Historically, when given the opportunity to act, this failure to act at the top leadership level was what misled our youth, and led to us being without a decision and conclusive position based on our Afrocentric issues, and has so biased our minds that we now have come full circle with some key issues looming large in our face as a nation and calling out for decisions.
I note the following:
1) The continued focus on the failure to declare Jamaica a republic.
2) The need to remove The Queen as our head of State.
3) Moving our trade unions from being politically driven organisations tied to each of the mainstream parties, and making them independent of political parties and skills-based and, by extension, teaching that it’s not always by the sweat of your brow that you eat bread, but also by the creativity of your minds and your ability to honourably outsmart most others, not aping all others.
Instead, we ended up failing to be a republic and having us as Jamaicans slavishly following a contrived and deliberate and unwritten social, religious, political, and economic Westminster model based on the ‘cousin syndrome’ to perpetuate a closed mind among our population.
Further, in relation to Patterson’s article, and knowing and respecting him personally, I merely want to now ask one question of him: Are you for or against reparations?
And I have today decided to send to him, copies of my petition and affidavit as have been sent to the Government of Jamaica.

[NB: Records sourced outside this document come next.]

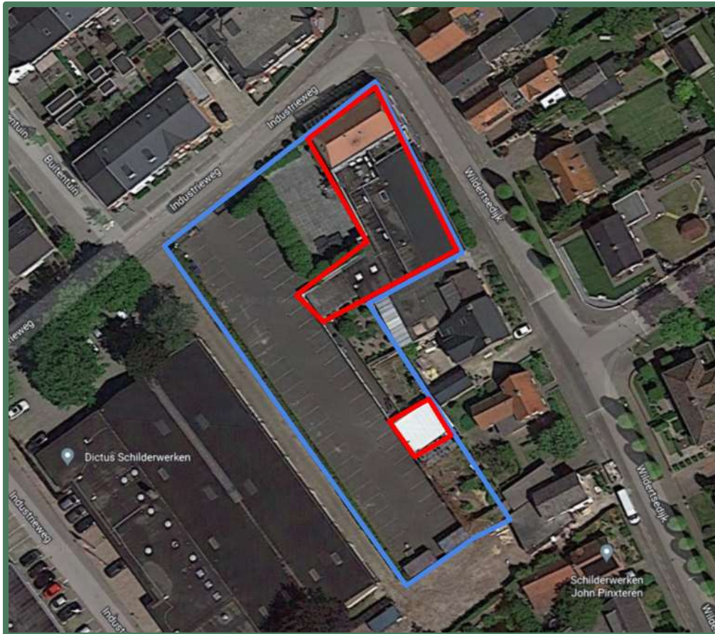
Globaal omliggende planlocatie in blauw en de te slopen bebouwing in rood.
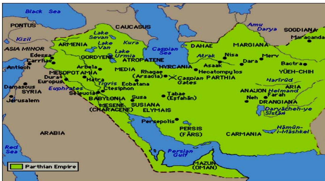
Map:1- Historical geography of the Parthians: height="472" Width="600" Average area: about 5.4 million square kilometers: Historical Site of Mirhadi Hoseini: http://m hosseini.ir

است، اما باید یادآور شد که علاوه بر ارمنستان بزرگ و کوچک، بخشی از گرجستان نیز تابع اشکانیان بود (Mirahmadi, 2013: 94).
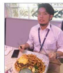
900g超えのハンバーガー
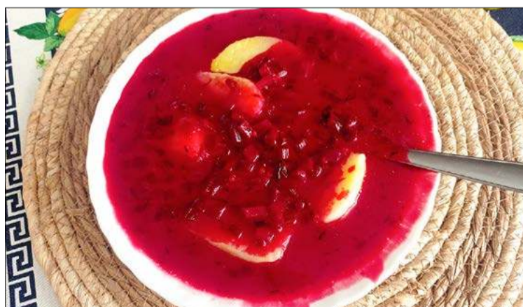
Taki barszczyk mi się marzy.
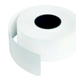
ROLKA TERMICZNA Papier do wydruku biletów
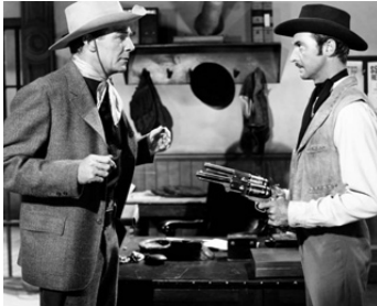
1950 COLT 45 (Thundercloud) d'Edwin L. Marin avec Zachary Scott
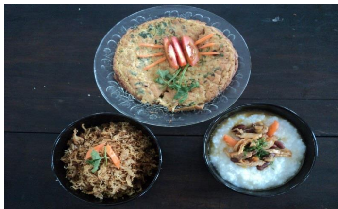
Gambar 6. PMT Balita hasil kreasi Kader Posyandu

Berdasarkan evaluasi kader juga dapat mendemonstrasikan pembuatan makanan tambahan untuk Balita. Contoh PMT balita yang dapat dibuat kader dapat dilihat digambar 6.
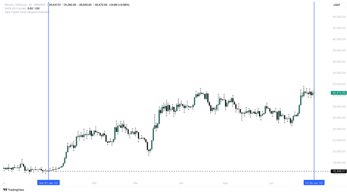
Príloha č.1: Vývoj ceny BTC/USDT v období január – jún 2023.
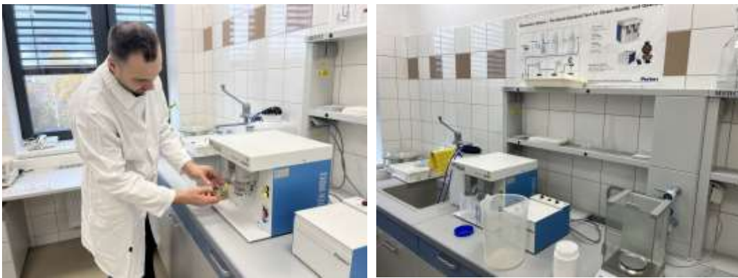
Foto.5-8. Pomiary parametrów jakościowych mąki w laboratoriach uniwersytetu.
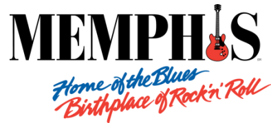
Memphis Convention & Visitor's Bureau
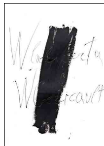
Jannis Kounellis, W la Libertà, W Gericault 40 x 30 cm, acrilico su carta
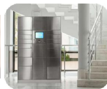
Model za dostavu paketa od nehrđajućeg čelika, s podnim postoljem
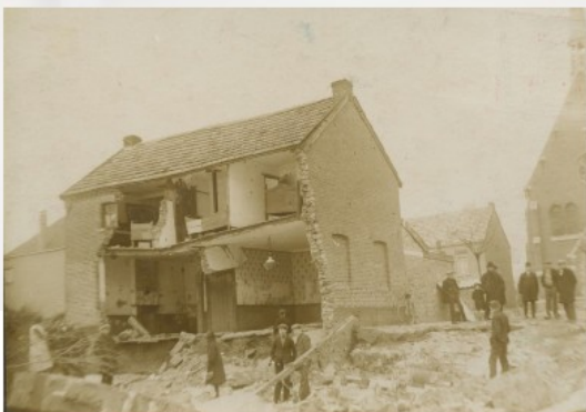
Meers na de dijkdoorbraak op oudjaarsdag 1925.
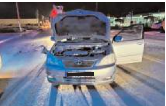
Çorum Caddesi'nde meydana gelen kazada 4 kişi yaralandı.

Polis, havaya ateş eden kişinin belirlenmesi için çalışma başlattı.(AA)
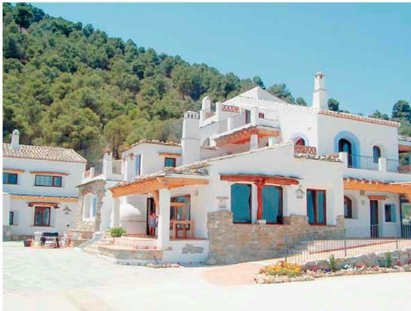
Imagen externa del edificio central del complejo turístico ecológico.
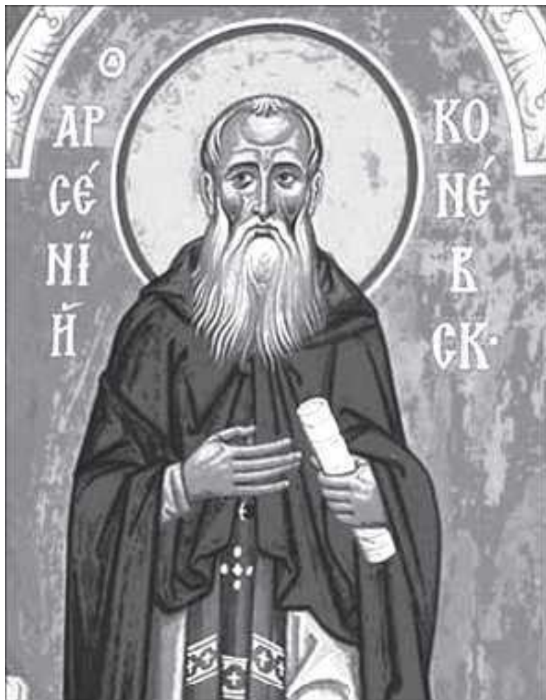
Прп. Арсений Коневский

На острове находилось древнее языческое капище. В центре его помещался огромный валун, именовавшийся Конь-камень (отсюда и название острова Коневец), где приносились жертвы.
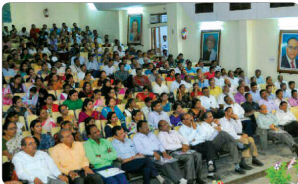
Lecturers and girl students listening attentively.
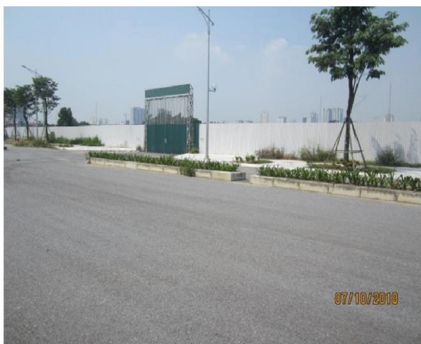
CỐNG CHÍNH, MẶT TIỀN nhà máy XLNT Yên Xá. Chỉ có thể chụp ảnh được vào bên trong khu đất thông qua ô rất bé để thò tay mở và đóng khóa tại cổng.

Ngày 20/2/2017 tôi đã gửi thư kèm bài viết chi tiết tới Bộ Xây dựng, UBND thành phố Hà Nội, các Bộ ngành liên quan, tuy nhiên cho đến nay không một hồi âm. Ngày 07/10/2018 tôi đã đi tìm hiểu nơi xây dựng nhà máy XLNT Yên Xá xem động tĩnh ra sao. Chính xác đang là một vùng đất trống mênh mông bỏ hoang vắng, chưa đào 1m cống nào, không một máy đào kích cống ngầm hiện đại được sử dụng như đã đề xuất, như những ảnh dưới đây:
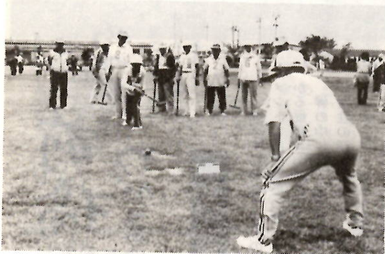
日ごろのトレーニングの成果を発揮して

「若い」を感じさせないこの元気なお年寄りたち、その「健康」をみごとこの大会で示し合いました。
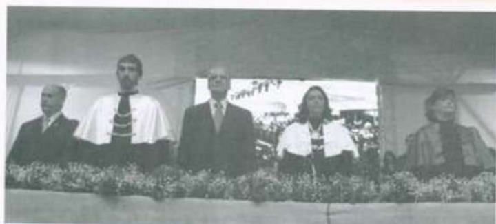
A mesa de honra da cerimônia recebeu diversas autoridades
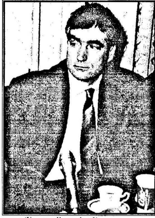
(Urmare din pagina 1)

Pe de altă parte, în 1991, toată recolta de grâu a fost preluată în măsura în care țărăni au dorit să o predea.
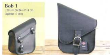
Bob 1 L.28 x H.26-24 x P.14 cm Capacité 12 litres
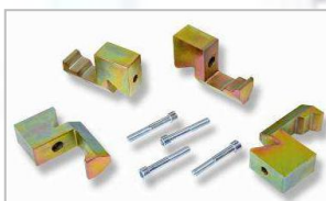
Adaptéry pro ráfky s velkou tloušťkou stěny
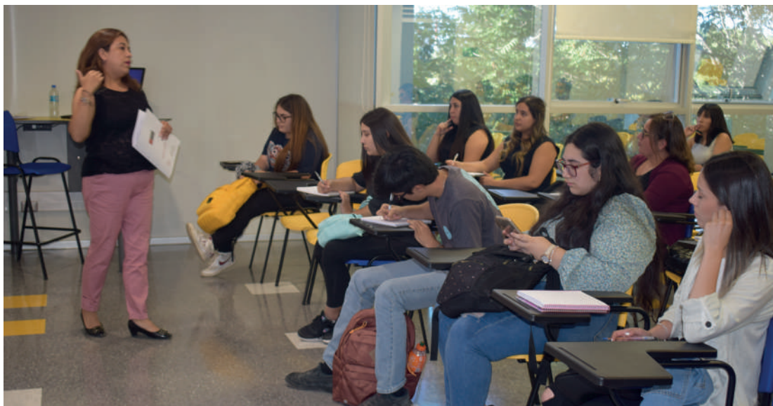
INICIO DE CLASES ESTUDIANTES VESPERTINO
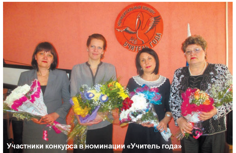
Участники конкурса в номинации «Учитель года»
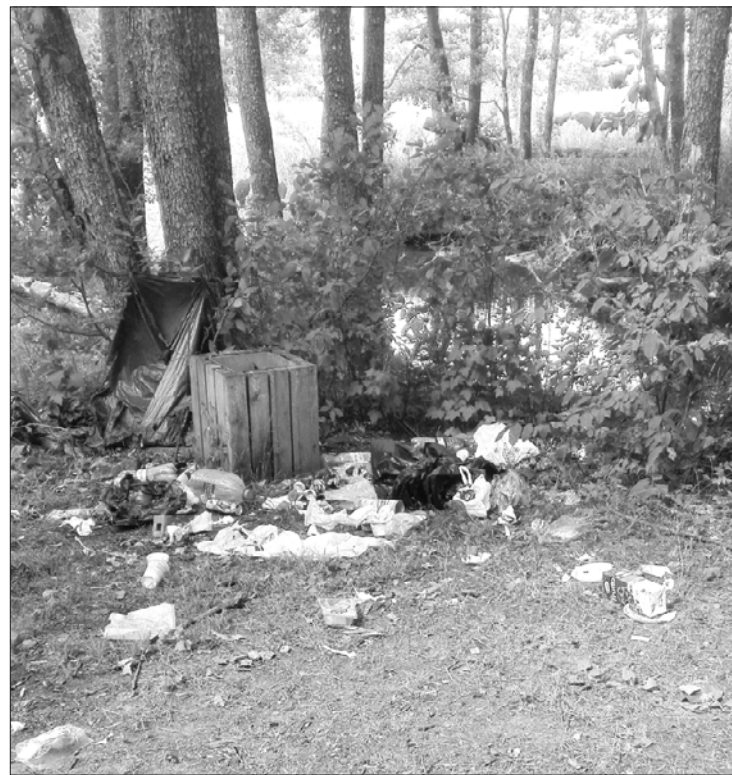
Viena no atpūtas vietām pēc atpūtnieku apmeklējuma.

Attīstības nodaļas vadītāja Ginta Roderte

In the correspondence I have sought comment and the provision of any constitutional support that I may need in serving the petition and affidavit to The Queen, including possibly the Government being part of the process.
Similarly, I am corresponding with Minister Olivia Grange and the attorney general on this matter, which has long passed the debate stage, and cannot help noting the focus on celebrating Emancipation and Independence days together. This is seemingly on the basis of having a long holiday period of fun which, like Patterson has stated, would essentially be denigrating the true historical significances of both days, and also the position of the National Reparation Commission in respect of the nation’s long struggle for British accountability.
While Patterson said that, “We must reject and denounce the institutional exclusion of people,” I say we must correct the sins of the past and settle our debts on equal standing with our former colonial rulers.
Pay us what you owe us and open up the doors of opportunity in full recognition of the grave injustices of the past, and the exclusion of our creative capacity as a people for centuries.
Should we not, for instance, be leveraging that debt to assist in the nation’s economic recovery from the costly novel coronaviris pandemic, including now accessing the necessary vaccines for our people, and not perpetually resorting to measures like the annual foray into the resources of the National Housing Trust (NHT)?
Simply put, and summarily stated, until we free our minds by teaching the reality of our past, not just in relation to Jamaica, but equally our African ancestry, and have our people understand and accept that the way our minds presently reason, generally, was planned and left with us, as our language was not our own, our sense of ownership of ourselves was not widely accepted by us, so we are not truly independent, certainly not independent-minded as a people.
What we celebrate must be rooted in a demand for equality in real and virtual terms, and as long as there remains a huge debt to be settled in our favour I hope never to hear again that we, as a country and people, do not have the money or resources otherwise to do something that is critical to our well-being.